Unusually, the US oil rig count fell last week, shedding seven sites to finish at 522. Offsetting a single gain in gas rigs, the total operating rig count in the US is now 659, perhaps a sign that producers are pausing in their zeal to monitor the oil price situation and OPEC’s commitment to it.
Kinder Morgan’s attempt to expand an oil pipeline in western Canada has cleared its final regulatory hurdle, with the British Columbia province giving environmental approval for part of the project’s profit. Some 37 conditions were attached to the approval of the Trans Mountain project, with Kinder Morgan agreeing to pay B.C as much as C$1 billion over 20 years in revenue sharing that will go towards environmental protection.
Russia’s Rosneft has agreed to supply up to 55 million tons of crude over a five year period to QHG Trading, a trading company linked to commodities giant Rosneft and Qatar. The deal follows the acquisition of a 19.5% stake in Rosneft by Qatar Investment Authority and Glencore last month for US$11.8 billion, with both companies now getting crude in return. Glencore, specifically, will receive an additional 220 kb/d to trade.
Natural Gas & LNG
A bitter, freezing winter is sweeping across Europe, boosting LNG demand and triggering the highest spot LNG prices in France’s southern gas hub since December 2013. The cold winter has boosted Europe’s requirements of natural gas, which has benefitted Russia’s Gazprom, recording its highest ever piped gas volumes to Western Europe on January 6, at some 615.5 million cubic metres.
Last week in Asian oil:
Upstream & Midstream
Thailand national upstream company PTTEP, part of the PTT empire, has slashed its capex spending this year. Plans for 2017 will involve investment of US$2.903 billion, more than 50% than envisioned two years ago, as its acknowledges the difficulties of securing overseas upstream assets. The primary focus going forward will be on natural gas, and the company has also slashed its production forecasts, leaving Thailand increasingly reliant on imports for its crude requirements.
In a rare bright spot, Chinese upstream giant CNOOC has started production at its Penglai 19-9 field.
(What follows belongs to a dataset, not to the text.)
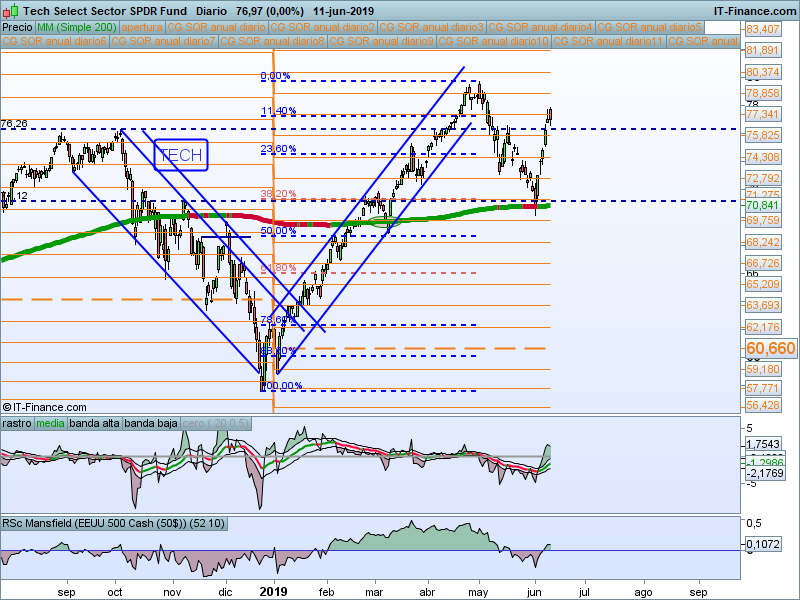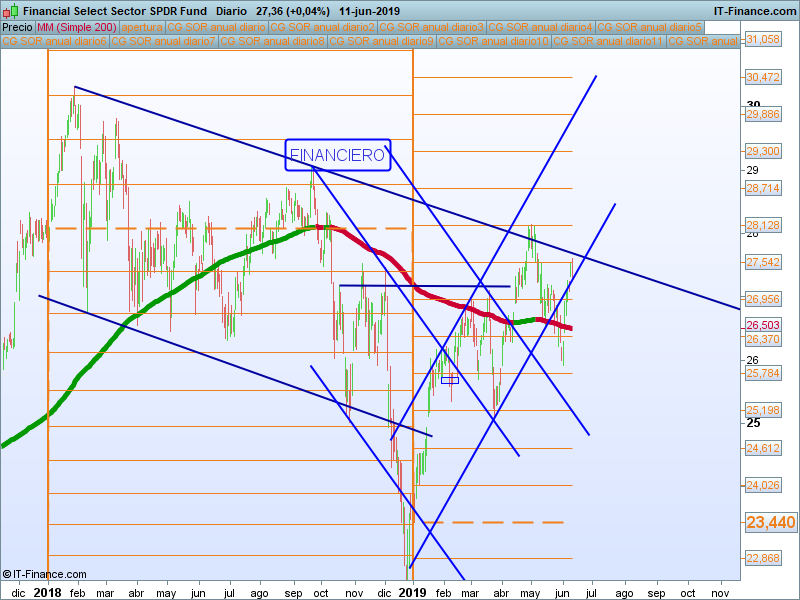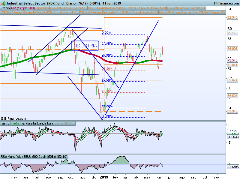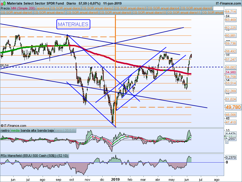 El impulso alcista de primeros de junio ha vuelto a llevar a este sector a zonas de máximos históricos. Adelantamos el punto de reversión a la zona de 58, mientras estemos por encima mantendremos predisposición alcista.

Located in the Bohai Bay, the new field is small, with peak production of some 13 kb/d expected in 2019. The joint venture between CNOOC and ConocoPhillips China will not be enough to halt the steady decline in Chinese crude production, but will help meet the country’s new objective of stabilising output.
Downstream & Shipping
Indian fuel demand grew by its fastest pace in 16 years in 2016, as a low price environment kicked off growth in passenger car and flights, supporting gasoline and aviation fuels. Total fuel consumption grew by 10.7%, but the demonetisation drive impacted demand in December and will hold growth back in 2017, as consumers defer large purchases. State giant Indian Oil Corp (IOC) intends to support the demand growth by purchasing upstream assets, with the aim of ensuring that at least a tenth of its refining capacity be fed by crude from fields that it owns outright or has a partial state in, requiring a tenfold boost in crude production to 210 kb/d over the next eight year.
Natural Gas & LNG
Thailand’s PTT continues its march to secure natural gas supplies, choosing a Marubeni-Itochu joint venture to fed its Chavalit Punthong pipeline. The pipeline, PTT’s fifth, stretches 430km from coastal Rayong to Nonthaburi near Bangkok, supplying the Thai capital with natural gas for power generation.
Vietnam has moved a step closer to realising its Blue Whale natural gas project, with PetroVietnam signing an agreement with ExxonMobil to develop the project. With an estimated 150 billion cubic metres of reserves, Blue Whale is Vietnam’s largest natural gas project, with the volumes aimed at powering the country’s electricity grid. First gas is expected by 2023, contributing US$20 billion to the national budget.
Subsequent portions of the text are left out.